Saturday, March 3, 2007

the fab

happy 34th anniversary parents. just unequivocally, my mother is the kindest person in the world. when i was younger she was too self-sacrificing but now she's exactly herself: perfectly loving and shit-giving at the same time. my father is equally unequaled. who else throws pancakes at yr car when you're trying to drive away from the house or starts indoor water fights on school nights? don't splash the pictures with the hose, my mom yells! who else sings silly songs abt being able to do whatever you want to? you know you know that song, backman family friends. i probably sang it to you in college.

some of my favorite memories are when they would go out on their seldom dates and then come home late after whatever babysitter put me to bed. my mom would come in and sit on the edge of my bed and tell me exactly what they did and exactly what they had for their fancy dinner and what they talked abt and what they saw. i couldn't wait to be grown up and have dates and cocktails and romance. i hated being a kid. being an adult may, indeed, suck occasional ass but it beats the shit out of being a kid as far as i'm concerned. i never felt the happy free-wheeling kid shit they tell you you feel in movies and whatever. homework in 2nd grade was as stressful to me as taxes and prelim reading lists are for me now. i have eternally taken things too seriously. but my parents are the fab.

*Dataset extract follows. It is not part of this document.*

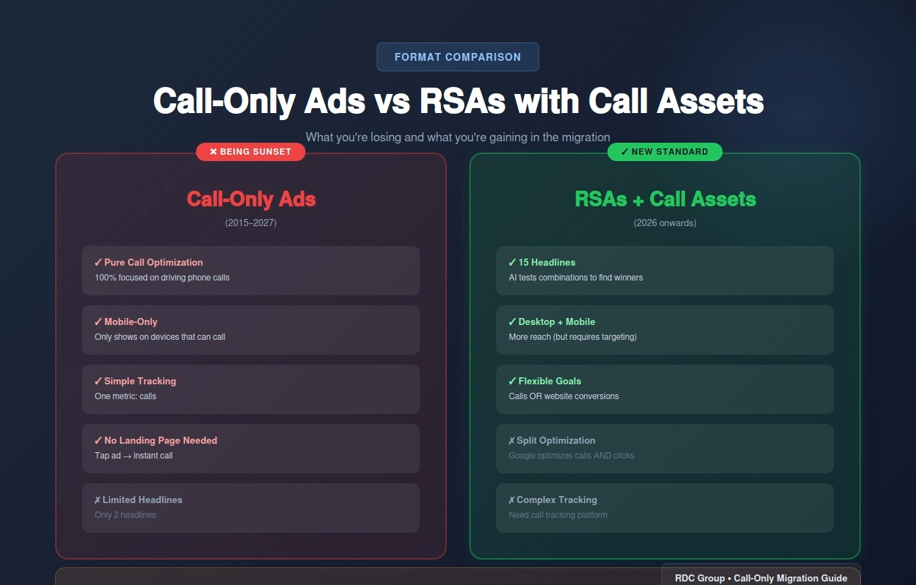 Here's what Google told advertisers: "Call-only ads limit our ability to optimize across formats. RSAs with call assets give us more flexibility to show the right ad at the right time."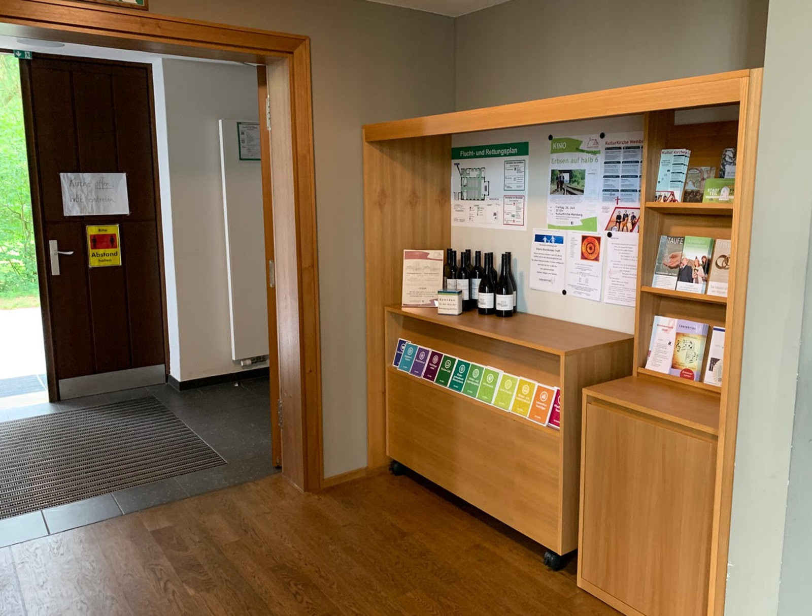 Wenn die Konzert- und Kinobesucher die Kirche betreten, werden sie weitere Neuerungen sehen. Seit Anfang Juni zeigt sich der Eingangsbereich in die Kirche mit neuem Gesicht. Zwei maßgefertigte Möbelstücke bieten jetzt an der einen Seite Platz für eine Garderobe und eine Ablage für die Gesangsbücher und an der anderen Seite für einen Rolltresen und eine Plakatwand. Die Gesamtkosten von rund 6.100 Euro sind mit einem Anteil von 3.500 Euro aus dem Verfügungsfonds des Stadtbezirksbeirates finanziert worden. Das hatten die Beiräte auf ihrer Januarsitzung befürwortet. Wir haben für die Arbeiten drei Angebote eingeholt und uns dann für das wirtschaftlichste entschieden, sagte Florian Reißmann, Vorstand der Laurentiuskirchgemeinde, die den Umbau in Kooperation mit dem Verein KulturKirche Weinberg Dresden-Trachenberge realisiert hat.

so david and i went to mia's birthday party tonight and it was lovely. i brought two bottles of wine and drank one of them by myself. that's relatively appropriate, right? i also made her a mix cd and tied it with shiny curly pink ribbon so that for sure makes up for drinking up half the shit i brought, non? we all ate spinach dip and artichoke dip and that kind of birthday cake with the insanely sweet sugary icing that says 'happy bithday mia' in pink and just tastes like happiness and innocence if happiness and innocence were a taste. and smoked cigarettes and watched spaceballs.

that is a happy fucking saturday night for me, my dears.